Data provided Block Start

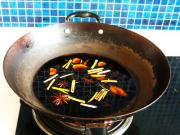 锅中放适量的五香油油,放入郫县豆瓣炒香。加入葱段、蒜末、姜片、干辣椒,5克花椒、炒香。
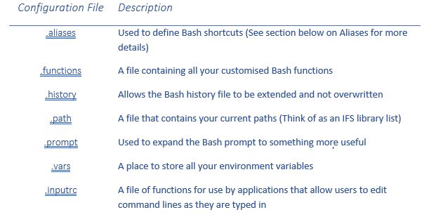 Dotfiles include configuration files for many applications we use in a Bash session.
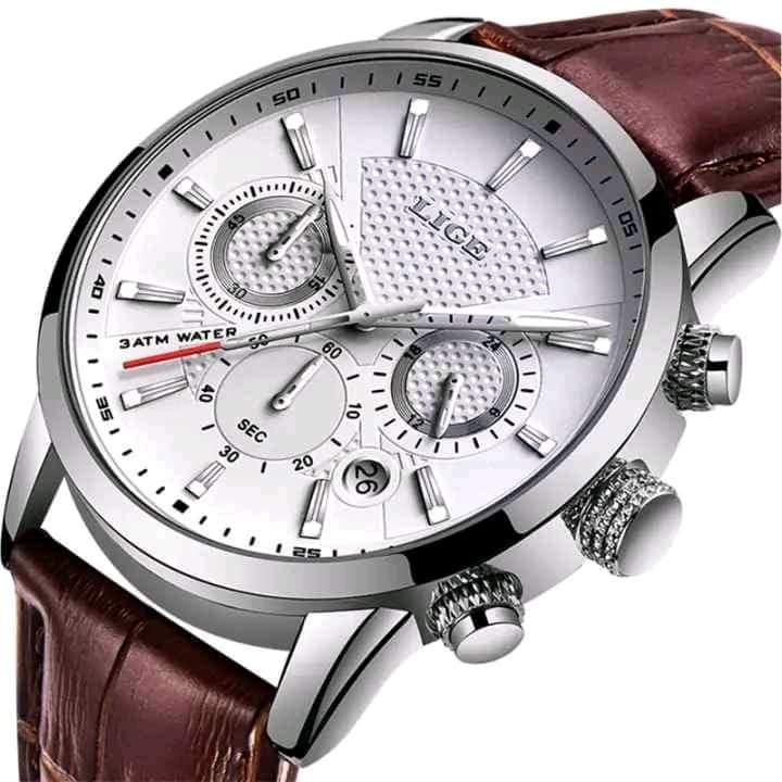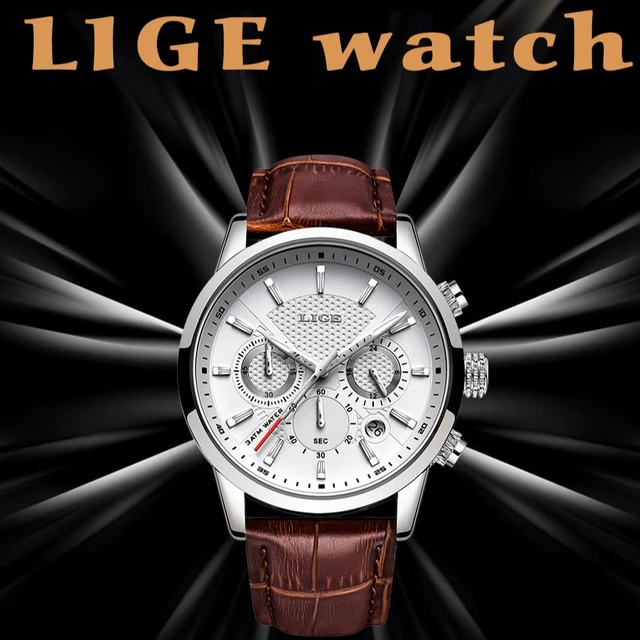 LIGE Men Fashion Sport Quartz Luxury Leather Waterproof Chronograph Watch 35
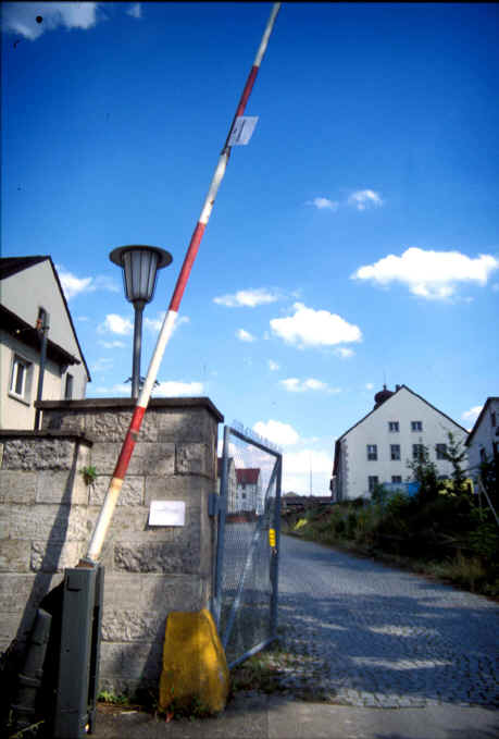 Wachgebäude 400 mit Schlagbaum. Blick O.

Data provided Block End

What to do: Pictures excluded, copy exactly the lines running from the one with "LIGE Men Fashion" through the last line of the material.

Task result:
 LIGE Men Fashion Sport Quartz Luxury Leather Waterproof Chronograph Watch 35
 Wachgebäude 400 mit Schlagbaum. Blick O.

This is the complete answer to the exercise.